Please note: The processing appears slower in this video because it was running on a laptop with CPU-only processing (no GPU). Even with CPU limitations, the system delivers near real-time performance with approximately 5-second latency, which is acceptable for CPU-based processing.
Chrome Extension - Tab Audio Capture
The Chrome extension captures audio from any browser tab and provides real-time transcription and translation in a persistent side panel. Perfect for YouTube videos, podcasts, and online meetings works with any audio content playing in your browser tabs.
Features
- ✅ Real-time streaming - WebSocket-based audio streaming with low latency processing
- ✅ Voice Activity Detection - Optimized processing with VAD/VAC for better performance
- ✅ Live Translation - Real-time Google Translate integration for multilingual support
- ✅ Chrome Extension - Capture and translate audio from any browser tab
- ✅ Web Interface - Browser-based UI with language switching capabilities
Streaming support: The application processes audio chunks in real-time as they arrive.
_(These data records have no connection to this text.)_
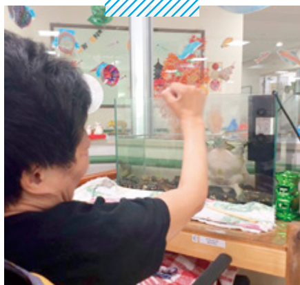
障害者支援施設こうのしま荘 アイドルの仕事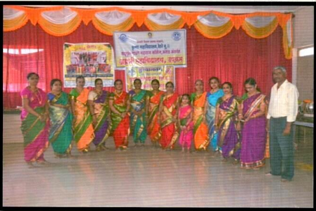
अपबनिनाढ गृप कोयना अशाहत कशाड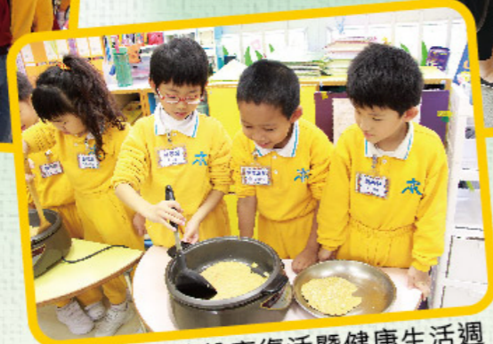
五彩繽紛慶復活暨健康生活週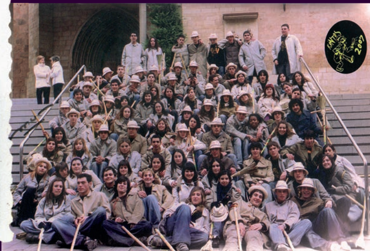
Fotografía de la Quinta 2007, en las escaleras de Santo Tomás. Tradición de obligado cumplimiento.

los y apoyándolos en un ceremonial importante para ellos: han alcanzado la mayoría de edad, ya son adultos y adquirieren responsabilidades: incorporación al mundo laboral directamente o a través del estudio para una preparación más amplia.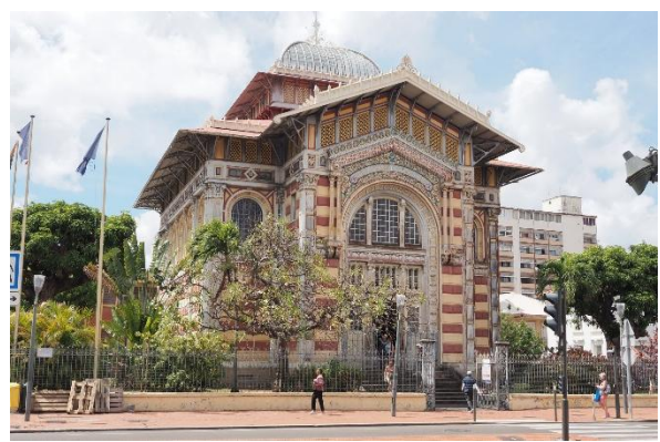
Die Schoelcher Bibliothek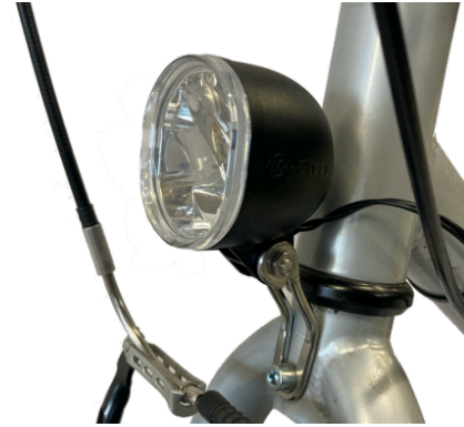
Fixation sur la fourche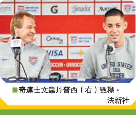
■奇連士文靠丹普西(右)數糊。

美國隊小檔案 主教練: 奇連士文 焦點球星: 丹普西、侯活 最新世界排名: 14 世界盃最佳成績: 1930年準決賽 攻力(最高5★): ★★★★★ 守力(最高5★): ★★★★★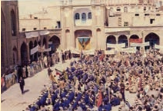
شکل ۴-۱۱- عزیمت رزمندگان روحانی به جبهه‌ها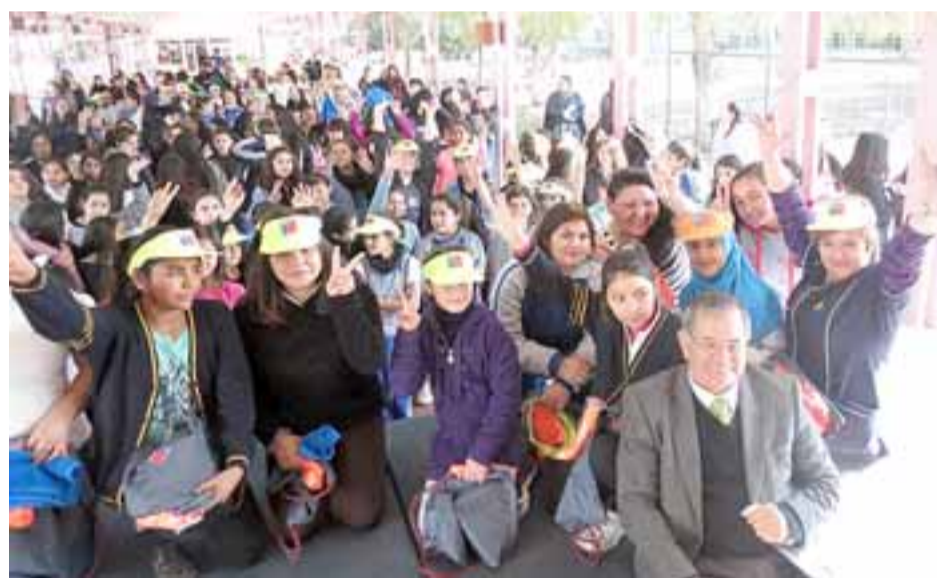
Alumnas del Liceo Corina Urbina participaron de diversas actividades realizadas por el Team IND en una jornada de baile, zumba y premios para las más participativas.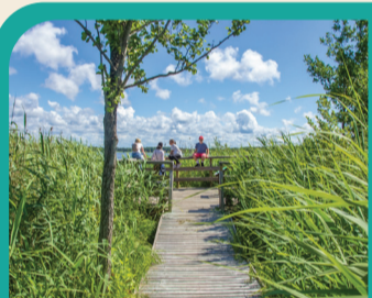
48 BŪŠNIEKU EZERS Skatu platforma putnu vērošanai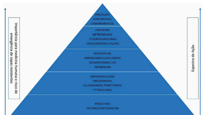
Figura 1: Escala de priorização do uso de antimicrobianos

Para reduzir a disseminação de cepas resistentes e preservar a eficácia dos fármacos, foi desenvolvida uma escala de priorização do uso de antimicrobianos que classifica os medicamentos em cinco níveis conforme sua relevância para medicina humana e riscos de indução de resistência. 2 O grupo de primeira linha inclui fármacos de espectro mais restrito e com menos impacto na seleção de resistência bacteriana, devendo ser a primeira escolha em infecções sensíveis e bem caracterizadas. A segunda linha abrange antimicrobianos de espectro intermediário, indicados quando o agente causal apresenta resistência aos de primeira linha ou quando a gravidade do quadro clínico exige cobertura ampliada. A terceira linha é indicada quando há resistência a antibióticos de primeira e segunda linha, sendo recomendado o uso de fármacos de espectro moderado. Os antimicrobianos de quarta linha destinam-se a infecções graves, resistentes às linhas anteriores, incluindo bactérias de alto potencial de disseminação. O uso inadequado nesse nível pode favorecer a RAM e representar risco zoonótico, comprometendo a eficácia clínica. Por fim, os fármacos de quinta linha são reservados para casos graves de infecções multirresistentes, sempre embasadas pela cultura e antibiograma quando não há alternativas terapêuticas disponíveis. 2 Essa escala foi desenvolvida com o objetivo de evitar a disseminação de cepas resistentes entre animais e humanos (Figura 1). 2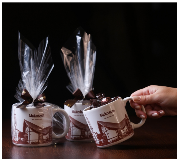
Caneca Makrobom 100g Contém Bombom Crocante Premium CÓD 1426 - R$ 42,00

You don't need to wait for the complete audio to be processed before receiving transcription results.
Faster-Whisper Backend: Built exclusively with faster-whisper for optimal performance and speed. This implementation provides the best balance of accuracy and processing speed for real-time applications.
WebSocket Architecture: Built on WebSocket protocol for real-time bidirectional communication between client and server, enabling live audio streaming and instant results.
Voice Activity Detection: Integrated VAD/VAC reduces processing overhead by only transcribing when speech is detected, improving performance and accuracy.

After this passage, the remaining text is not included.